No matter in school or in society, everyone must have been exposed to composition. The composition must focus on the theme and elaborate on the same theme. No rambling, lax theme or even no theme. So how to write a general composition? The following is the story I collected for you. Welcome to read the collection.

A wonderful beginning and end echoed from beginning to end.

First of all, reiterate the method of starting.

The first paragraph: It is said that the ship of life is inseparable from the ideal sail, and the ideal of life is for the ideal life, but the happiest time in the ideal life is the flower season of dreams.

Tail: In the flower season, I hope I can always remember the good motto of the sages-"The ship of life cannot be separated from the ideal sail, and the ideal of life is for the ideal life."

(selected from the perfect composition of the senior high school entrance examination "Flower Season with Dreams")
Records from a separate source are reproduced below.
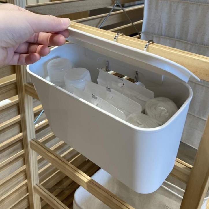 別売りのフックで吊るしたり、専用のフタを付けてホコリを防いだりと、使い方も自在。
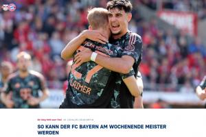 體育資訊05月03日訊 今天晚上21:30德甲第32輪,拜仁客場vs萊比錫,若是本場取勝,拜仁將提前2輪奪得德甲冠軍。拜仁官網(wǎng)列舉了拜仁若想奪冠可能發(fā)生的情況。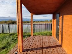 Планировка 1+, спальня 9 м2, кухня гостиная 22 м2 с панорамными окнами, санузел 5 м2, а еще терраса под крышей 15 м2! Отделка внутри дерево, снаружи комбинированная дерево+сайдинг. Скрытая электрическая разводка по всему дому, установлены светильники, розетки выключатели, вывод для кондиционера.

Second, the transformation sentence method

The first paragraph: smile is a ray of warm sunshine in winter, which can make cold people forget the severe frost; Smile is a colorful rainbow among friends, which can make hostile people forget hatred; Smile is an upward force in adversity, which can make people forget the sorrow in adversity.
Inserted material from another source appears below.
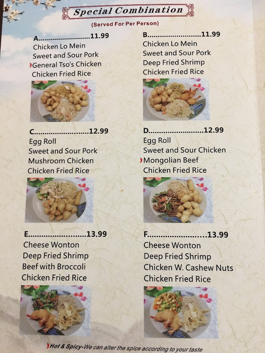 For soup lovers, the restaurant offers comforting bowls such as Egg Drop Soup, Hot Sour Soup, and Wonton Soup, each priced at $2.99, or you can try the Rice Noodles Soup for a slightly different flavor. If you're looking for a more specialized dish, their Chef's Specialties like Happy Family, Mongolian Triple Delight, and Seafood Double Delight are popular choices, with the price typically ranging around $12.99-$14.99.

Smile is the best gift that life gives me.

Tail: It is a warm smile like sunshine that melts the severe frost; It is that rainbow-like smile that puts down hatred; It is a smile full of upward power, leaving sadness behind.

I thank life for giving me such a good gift-smile! (Selected from the student exercise "Smile is the Best Gift for Life")

Third, the question and answer method

The first paragraph: What is life? Life is an erratic cloud, rising and falling? Is life a towering tree? Is life a river running towards the sea, and it never gives up day and night?

Tail: life tells me: life is a cloud, running for the ideal; Life is a tree, always going up for the ideal; Life is a river, persistent for the ideal.

(Selected from the student exercise "What is Life")

Fourth, the beginning and end of the argumentative paper

The first paragraph: there is a kind of brilliance that hangs over the spiritual home of the Chinese nation; There is a flame dancing on the Olympic Mountain in soul of china; There is a kind of flame that has warmed the feelings of civilization for thousands of years, and that is friendliness.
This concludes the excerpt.